This also brings us to a conversation of sensitivity vs specificity.

__Sensitivity__ is the percentage of positives correctly identified, in our case 198/747 or 27%. This shows how good we are at catching positives, or how sensitive our model is to identifying positives.

__Specificity__ is just the opposite, the percentage of negatives correctly identified, 4770/4825 or 99%.

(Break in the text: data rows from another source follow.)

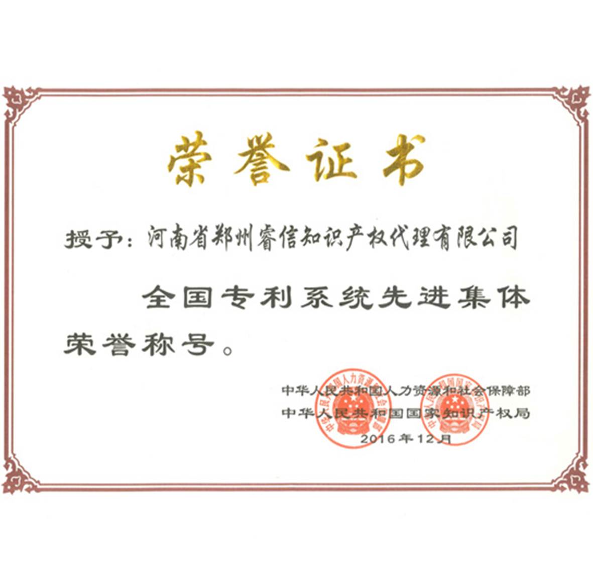 由人力資源和社會保障部、國家知識產權局聯(lián)合舉辦的全國專利系統(tǒng)先進集體和先進個人評選中,公司榮獲“全國專利系統(tǒng)先進集體榮譽稱號”。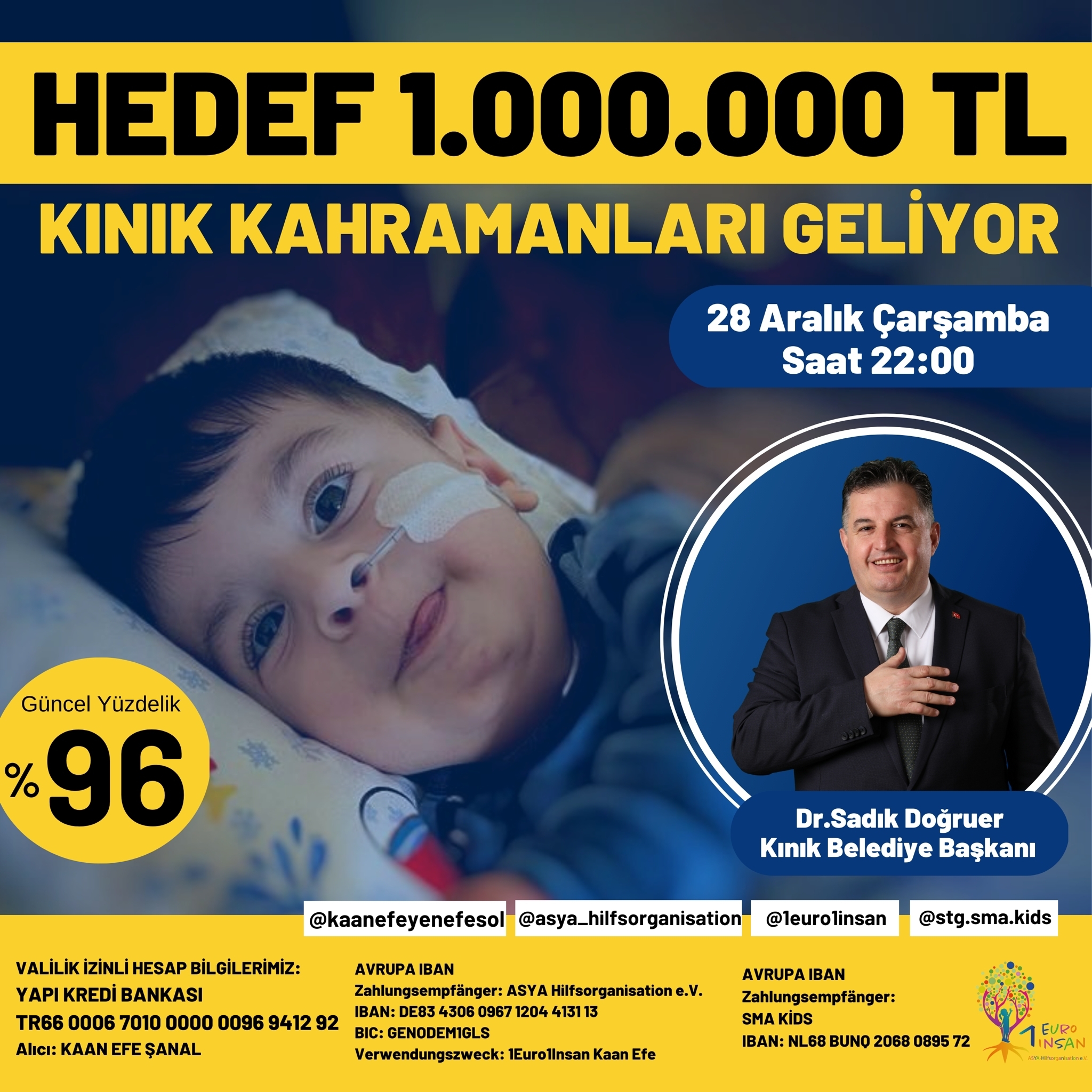 Tedavisi için gereken 3 milyon doların yüzde 96 ‘sına ulaşılan bağış kampanyasının tamamlanmasına çok az kaldı. Kınık Kaan Efe Gönüllüleri başta olmak üzere Kınık esnafı, iş adamları ve çok sayıda hayırsever Kaan Efe bebeğin tedavisi için gerekli olan paranın kalan kısmının toplanması için adeta seferberlik başlattı. Tedavinin kalan miktarının tamamlanması için bağış toplayan ve canlı yayınlar ile yardım kampanyasına destek olan Kınık Kaan Efe Gönüllülerini hayırseverler ve iş adamları da yalnız bırakmadı. Yapılan bağışlar ile SMA TİP1 hastası Kaan Efe Şanal, kendisine umut olacak tedaviye bir adım daha yaklaştı.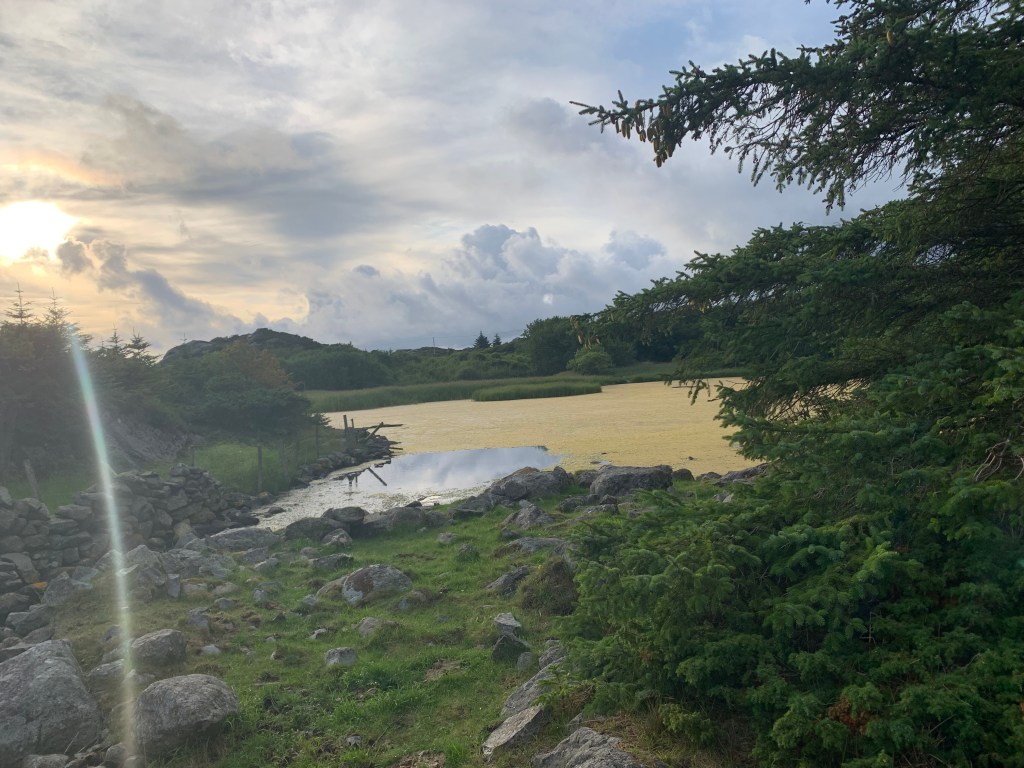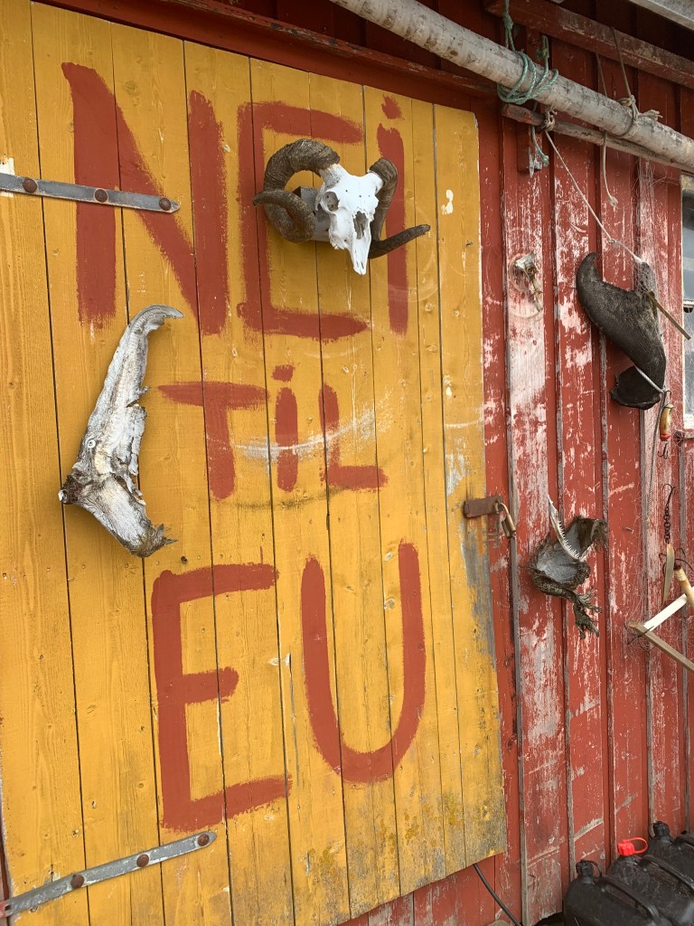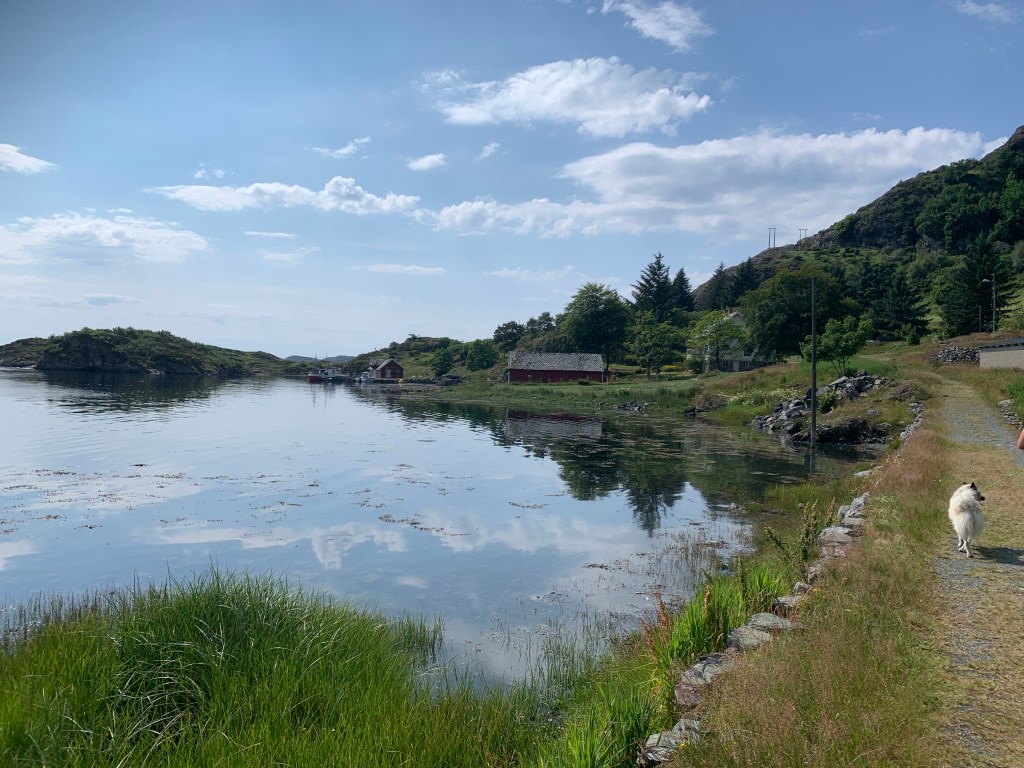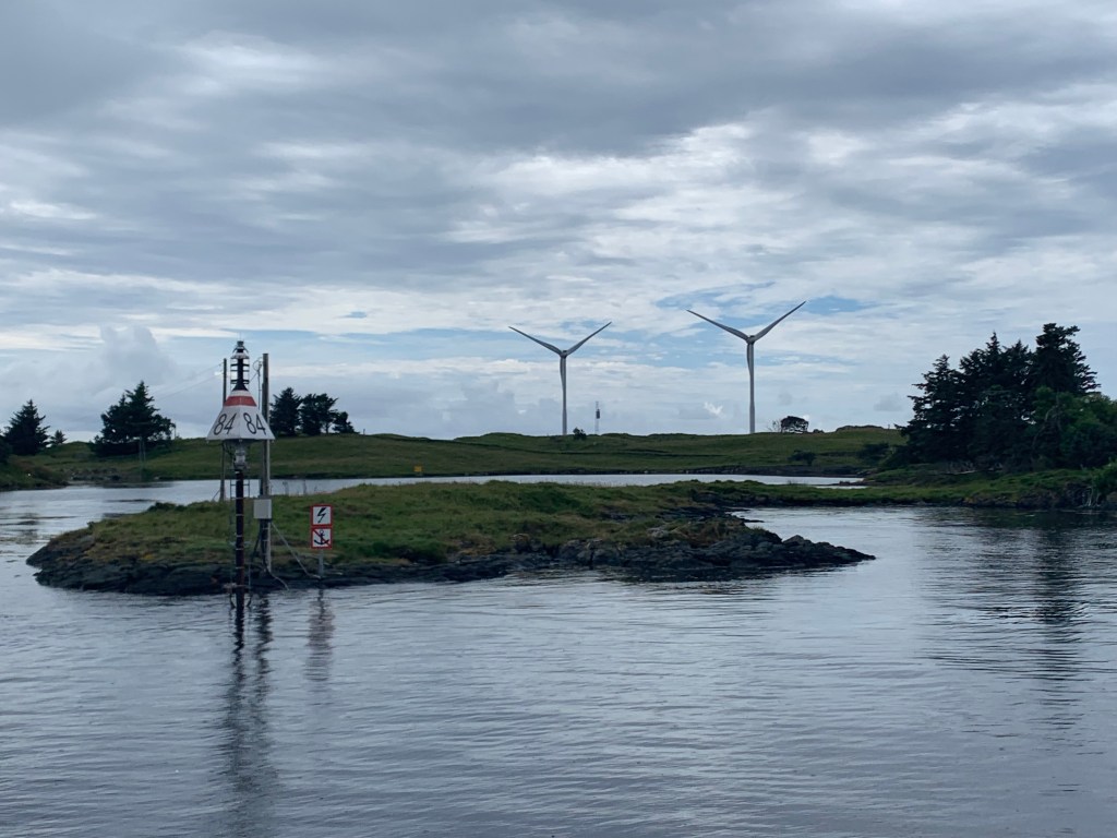 Fitjar var nydelig. Det som vi ser når vi kjører til Bergen er de 55 vindturbinene som faktisk kan forsyne hele Sunnhordaland med strøm, under optimale forhold. Vindturbinene er nesten 90 meter høye og det ble voldsom diskusjon i bygda da disse ble satt opp, om turområder ble rasert. Nå påstår flere at det motsatte har skjedd. Flere mennesker kommer seg ut på tur og bruker veinettet som ble lagt under oppføringen.

Again this confirms that we're not great at identifying spam, though we do label ham quite accurately. You should get familiar with these terms as in the practicing world they will often be used with little explanation and you will be expected to understand them.


## DRILL:

It's worth calculating these with code so that you fully understand how these statistics work, so here is your task for the cell below. Manually generate (__meaning don't use the SKLearn function__) your own confusion matrix and print it along with the sensitivity and specificity.

In [90]:
# Build your confusion matrix and calculate sensitivity and specificity here.

print('y_pred =', y_pred)

print('total rows/messages =', data.shape[0])

print('true positive / correctly_identified =', ((data.shape[0]) - ((target != y_pred).sum())))

print('false positive / incorrectly_identified =', (target != y_pred).sum())


y_pred = [False False False ... False False False]
total rows/messages = 5572
true positive / correctly_identified = 4968
false positive / incorrectly_identified = 604


In [116]:
#true_negative
print( ((data.shape[0]) - ((target == y_pred).sum())))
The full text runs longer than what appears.